O Supremo virou o novo campo de batalha da política brasileira e, como sempre, o presidente Lula está no centro do fogo cruzado. A cadeira deixada por Luís Roberto Barroso ainda nem esfriou, e o país já está exausto da discussão sobre quem deve sentar ali.
Cada nome que surge é uma pequena tese sobre o Brasil. Jorge Messias, o “Bessias” da era Dilma, representa o PT raiz: fiel, disciplinado, com trânsito direto no Planalto e, curiosamente, evangélico. Um detalhe que, se viesse de outro campo político, renderia horas de indignação nas redes, como foi quando Jair Bolsonaro indicou André Mendonça por ser “terrivelmente evangélico”, o que é um péssimo critério para a escolha de um ministro. Mas para a militância, tudo o que vem do governo parece virtude. O problema é que Messias carrega na testa o selo da lealdade e o Supremo anda sensível a qualquer cheiro de aparelhamento.
Do outro lado está Rodrigo Pacheco, o mineiro que virou fiador institucional do país nos piores dias da República. Tem o respeito do Senado, é discreto, ponderado e amigo de Davi Alcolumbre, o verdadeiro operador dos destinos de Brasília. Mas Lula sabe fazer conta: se enviar Pacheco para o STF, perde o único aliado competitivo que o PT tem em Minas Gerais para 2026. E eleição, no Brasil, pesa mais que doutrina.
Aí entra Bruno Dantas, ministro do Tribunal de Contas da União, um nome que parece feito sob medida para quem quer evitar sustos.
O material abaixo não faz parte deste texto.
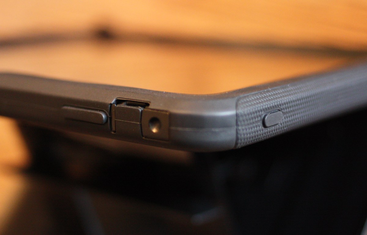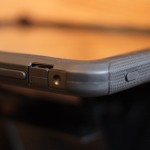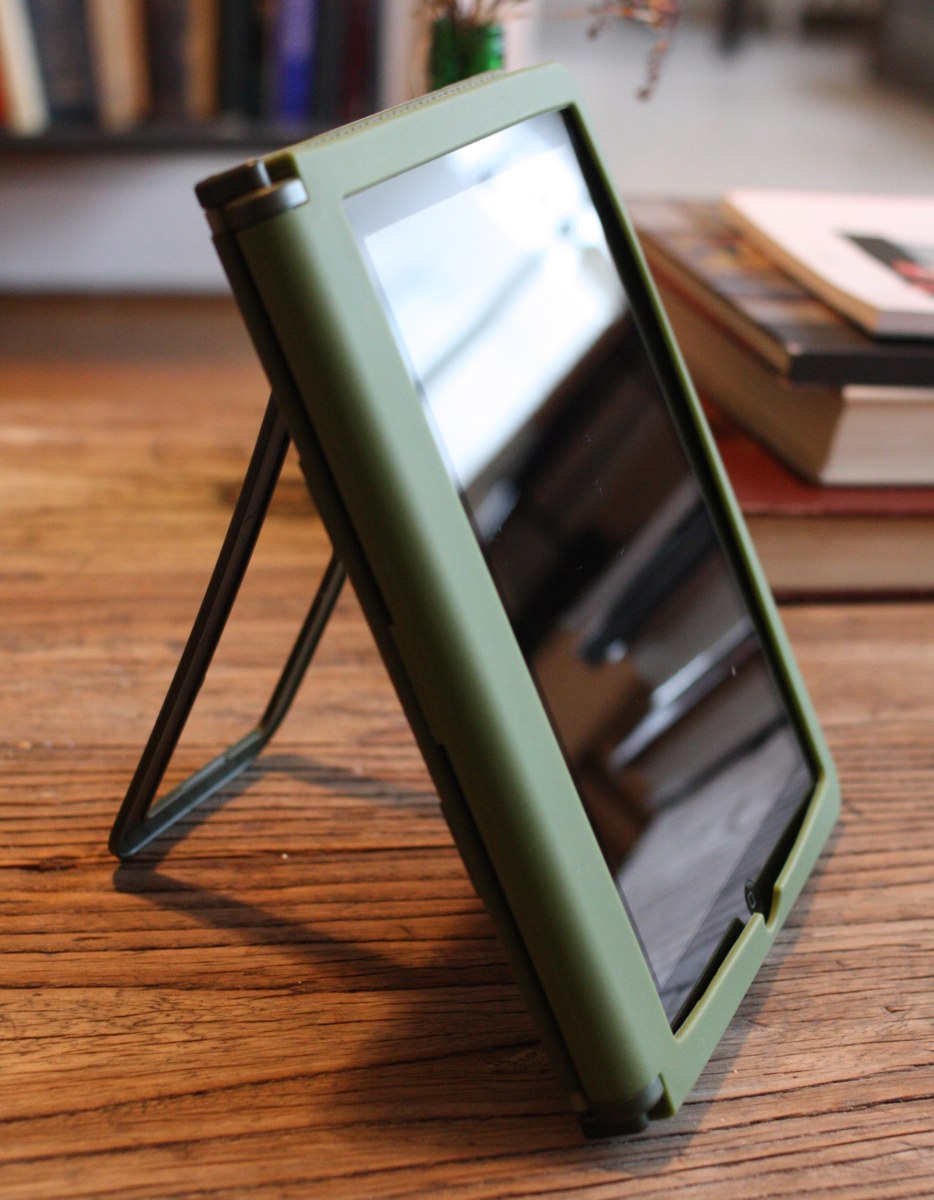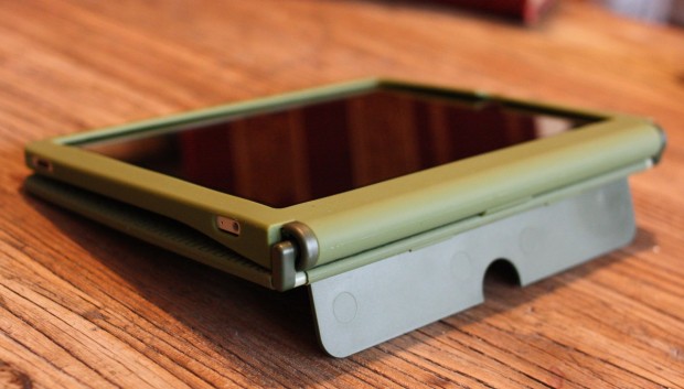 This is a silicone case with plastic fold-out bits that let you stand it up in portrait or reclining mode. It’ll stand up in regular landscape mode on its own. It’s got a nice grippy finish, but the folding parts feel cheap to me, like they’re going to snap off. It also rattles — not a lot, but I’m not sure I want a case that rattles.

Tem boa relação com o mercado, com o Supremo e com o próprio Planalto. É como se fosse um “Centrão togado”, no melhor dos sentidos, porque não se aproxima de extremo nenhum. É o tipo de técnico que agrada a quem já cansou da militância de toga.
Lula, como sempre, se vê dividido entre o coração, a cabeça e as urnas. Entre a fé de Messias, a política de Pacheco e a técnica de Dantas.
Há ainda a pressão legítima por uma mulher, lembrando que o STF teve apenas três ministras em mais de um século de existência. Mas, no fim, o que pesa mesmo é o fator humano, a confiança de Lula num nome que, uma vez lá, não vire uma nova fonte de surpresas.
O Supremo depois de Moraes, Barroso e Dino caminha para uma nova era. A dúvida é se será de conciliação ou de confronto, de sobriedade ou de espetáculo.
E talvez o sintoma mais revelador dessa crise seja o cansaço. Barroso ainda nem saiu da cadeira, e o país já suspira por um desfecho. Um lado quer uma mulher progressista, outro quer um técnico garantista, e o cidadão comum só queria alguém que não desse entrevista depois do julgamento.
Se Lula indicar Messias, dirão que é aparelhamento. Se escolher Pacheco, será conchavo. Se optar por uma mulher, dirão que é pressão. Resta Dantas, que talvez agrade por ser justamente o meio-termo num país que desaprendeu a gostar de meio-termo.
A essa altura, a vaga podia ser decidida por sorteio no TCU. Pelo menos seria mais rápido e, quem sabe, menos ideológico.